• [BRIEF]: The records that follow should be copied out exactly, pictures excluded.

• [THE DATA]:
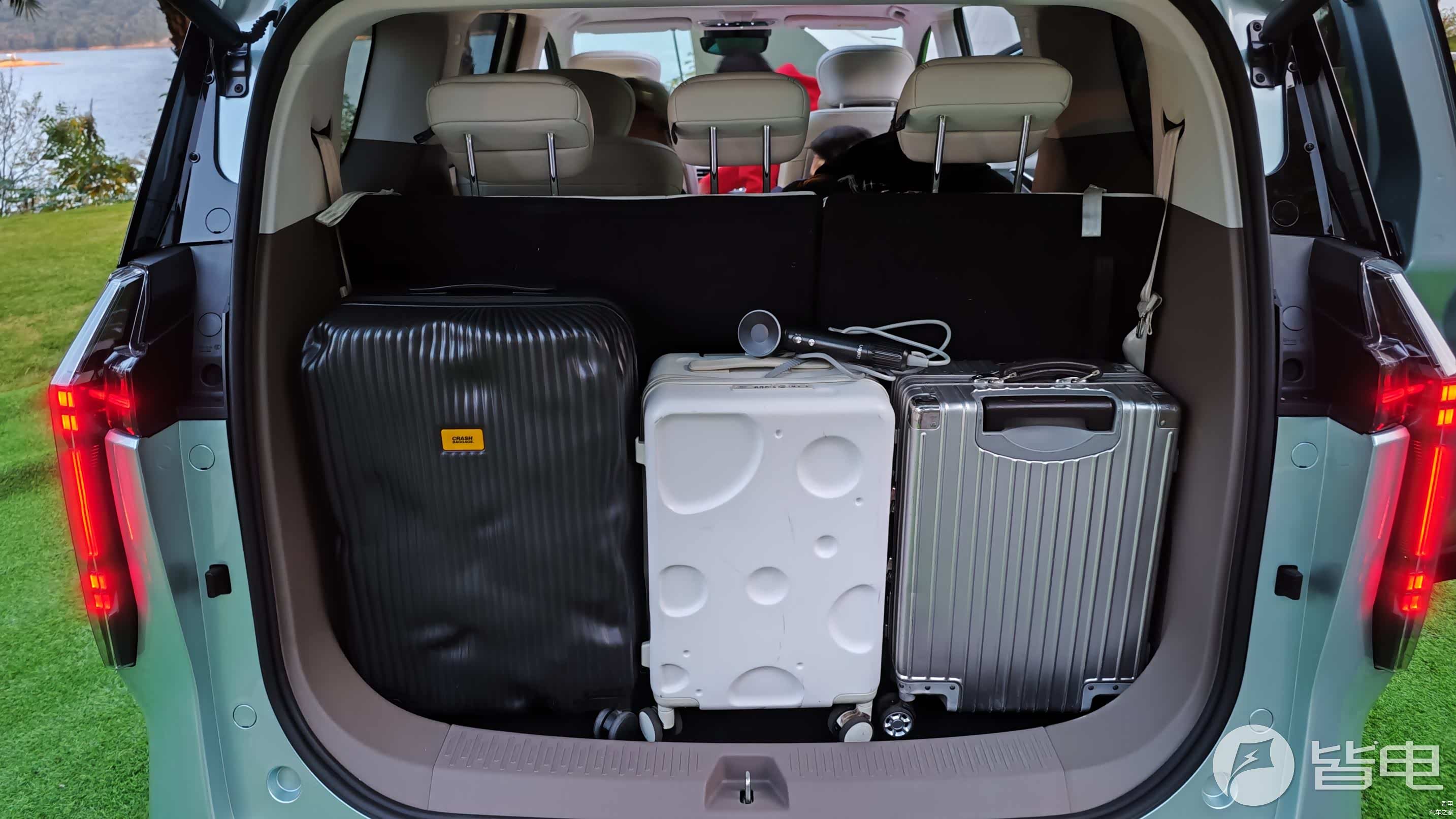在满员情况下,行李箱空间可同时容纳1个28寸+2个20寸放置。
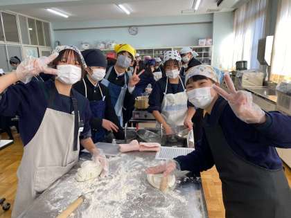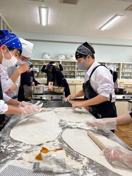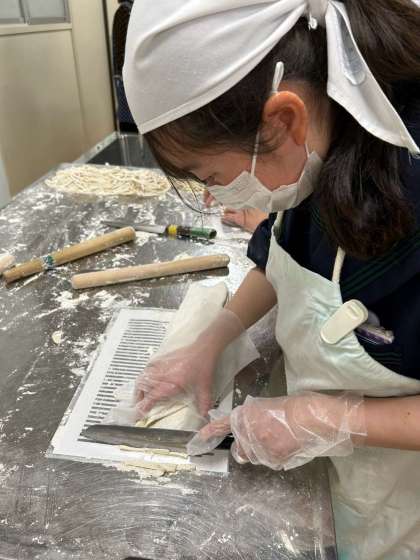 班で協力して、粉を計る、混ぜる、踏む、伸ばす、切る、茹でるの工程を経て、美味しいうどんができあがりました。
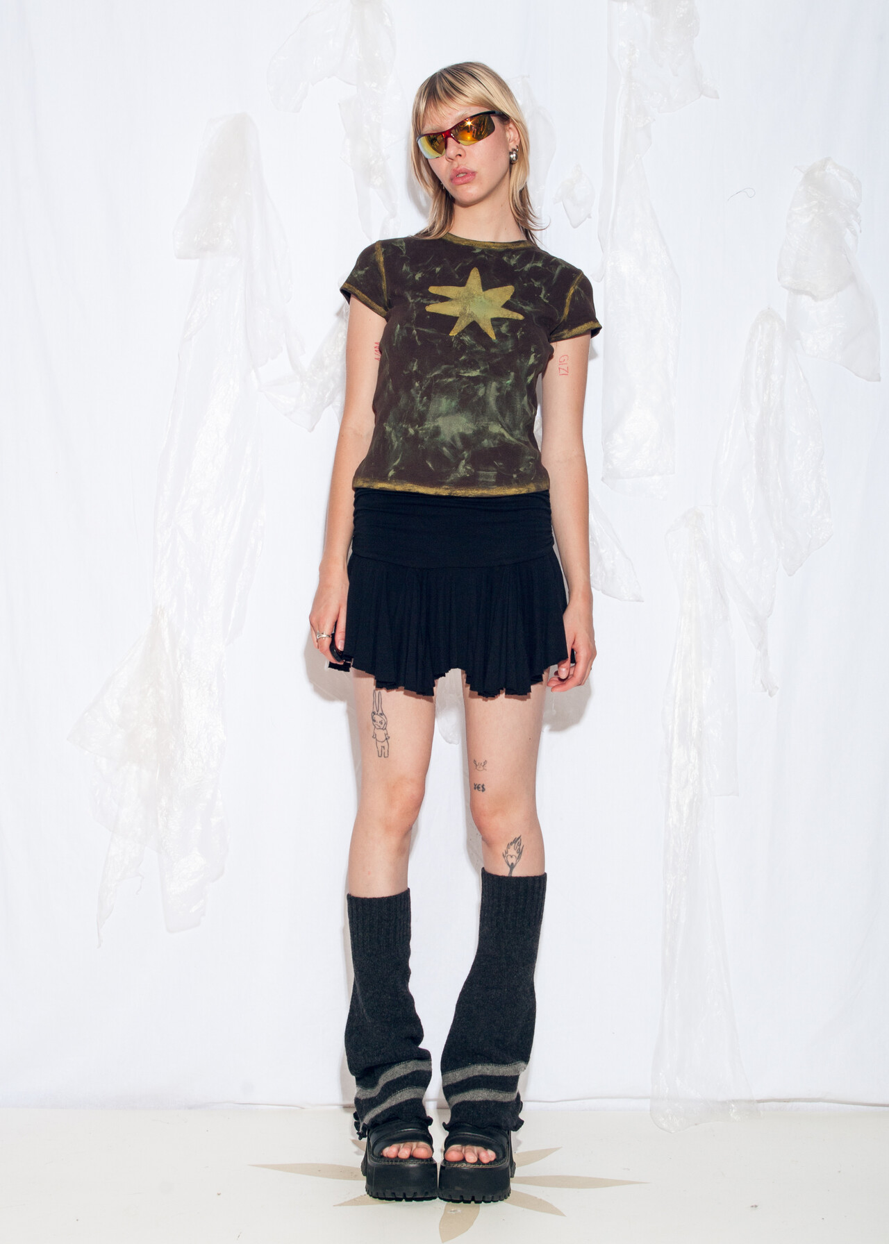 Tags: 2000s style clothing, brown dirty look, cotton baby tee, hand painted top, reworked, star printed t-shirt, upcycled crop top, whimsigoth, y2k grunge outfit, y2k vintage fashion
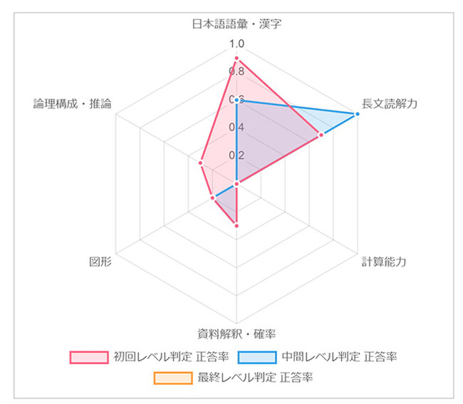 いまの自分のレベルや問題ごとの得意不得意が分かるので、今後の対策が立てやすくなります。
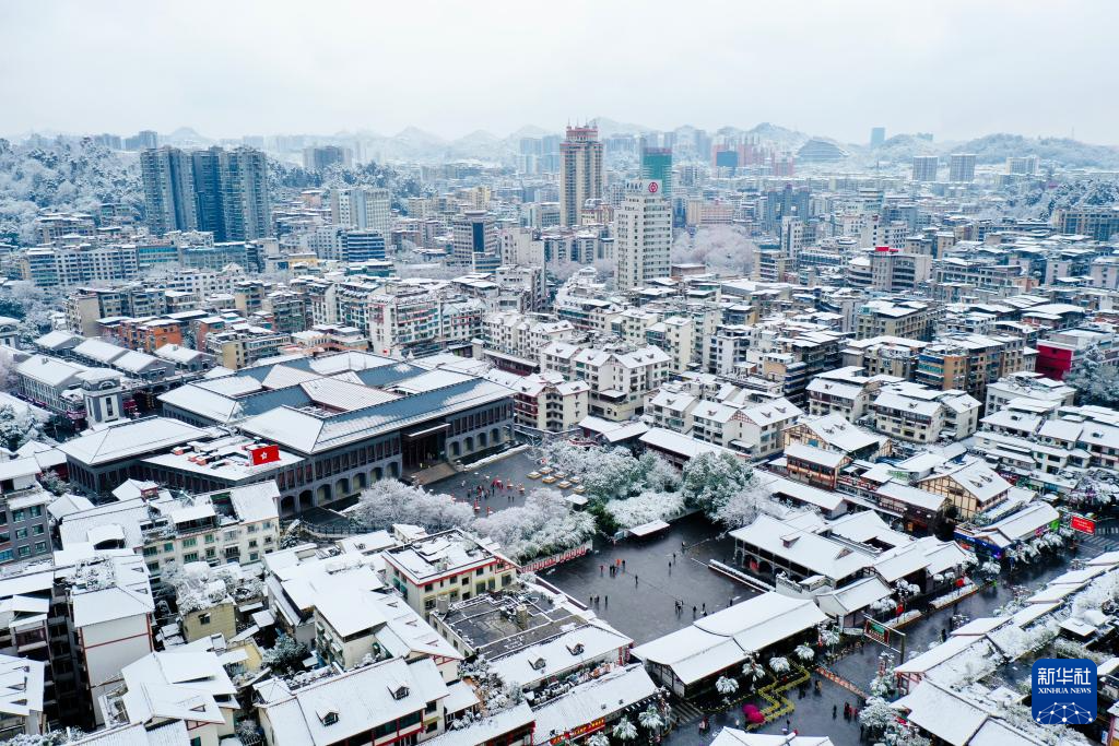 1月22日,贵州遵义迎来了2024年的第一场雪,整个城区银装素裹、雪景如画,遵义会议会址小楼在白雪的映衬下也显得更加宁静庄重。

• [RESULT OF THIS TASK]:
在满员情况下,行李箱空间可同时容纳1个28寸+2个20寸放置。
 班で協力して、粉を計る、混ぜる、踏む、伸ばす、切る、茹でるの工程を経て、美味しいうどんができあがりました。
 Tags: 2000s style clothing, brown dirty look, cotton baby tee, hand painted top, reworked, star printed t-shirt, upcycled crop top, whimsigoth, y2k grunge outfit, y2k vintage fashion
 いまの自分のレベルや問題ごとの得意不得意が分かるので、今後の対策が立てやすくなります。
 1月22日,贵州遵义迎来了2024年的第一场雪,整个城区银装素裹、雪景如画,遵义会议会址小楼在白雪的映衬下也显得更加宁静庄重。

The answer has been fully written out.